There's nothing "personal" about a knowledge base you filled by asking AI questions. It's the AI's database, you just ask it to write stuff. Learn how to learn and answer your own damn questions.
Soon pedagogy will be a piece of paper that says "Ask AI."
I hate this idea that a result is all that matters, and the quicker you can get the result the better, at any cost (mental or financial, short-term or long-term).

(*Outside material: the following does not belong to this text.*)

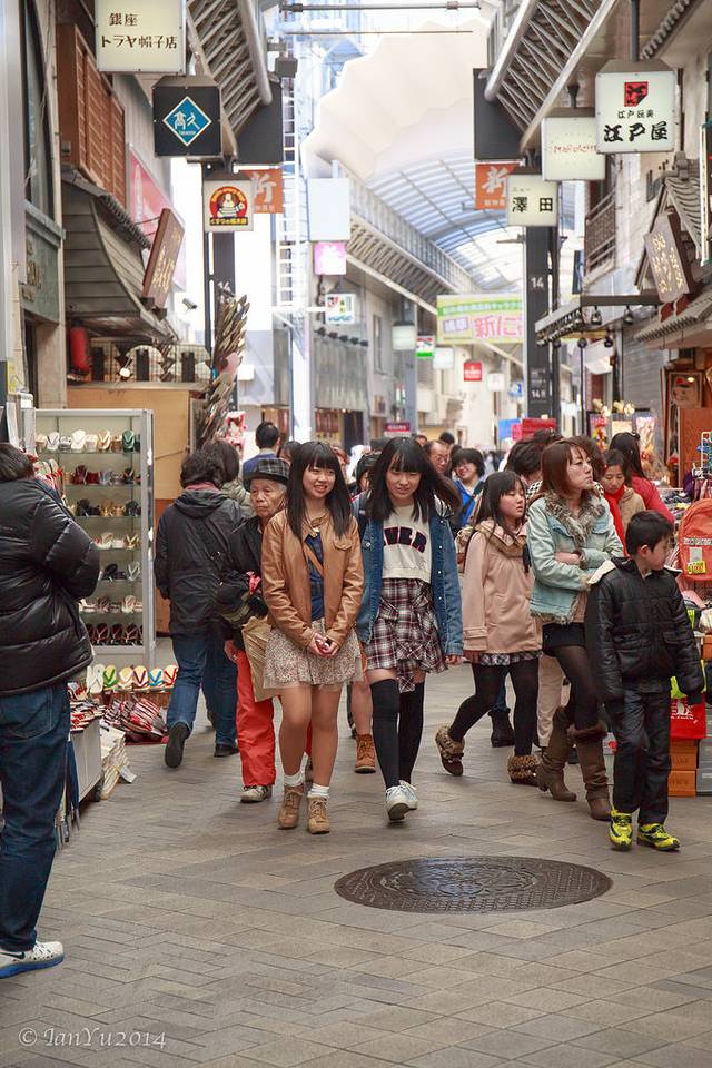 去了一看乖乖,这路两边的小店铺林立,各种促销牌满场飞,人流摩肩接踵,那场面和上海的七浦路有的一拼啊,衣服、鞋子、小配件齐全,便宜货大甩卖,啧,一下子感觉不在日本了,哇哈哈哈。还有卖小吃的摊贩混杂其中,看到不少攻略上的名店,比如吃便宜海鲜丼的;还有各种烤物等,我买了串西瓜,站着吃得西里呼噜,色一啊。

If we optimized showers to be 20 seconds, we'd stop having shower thoughts. I like my shower thoughts. And so too my grunt-work thoughts.
---
As an aside, I'm not totally against AI writing in a personal knowledgebase. I include it at times in my own. But since I started my current obsidian vault in 2023 (now 4100 self-written notes, including maybe up to 5% Web Clipper notes), I've had a Templater (Obsidian plugin) template I wrap around anything AI-written to 'quarantine' it from my own words:
==BEGIN AI-GENERATED CONTENT==
<% tp.file.cursor(1) %>
==END AI-GENERATED CONTENT==
I've used this consistently and it's helped me keep (and develop) my own writing voice apart from any of my AI usage. It actually motivates me to write more, because I know I could always take the easy route and chunk whatever I'm thinking into the AI, but I'm choosing not to by writing it myself, with my own vocabulary, in my own voice, with my own framing. I trick myself into writing because my pride tells me I can express my knowledge better than the AI can.
I also manually copy and paste from wherever I'm using AI into my notes. Nothing automated. The friction keeps me from sliding into the happy path of turning my brain off.
Then what is the point? Why be averse so to use your own brain so much? Why are tech bros like this?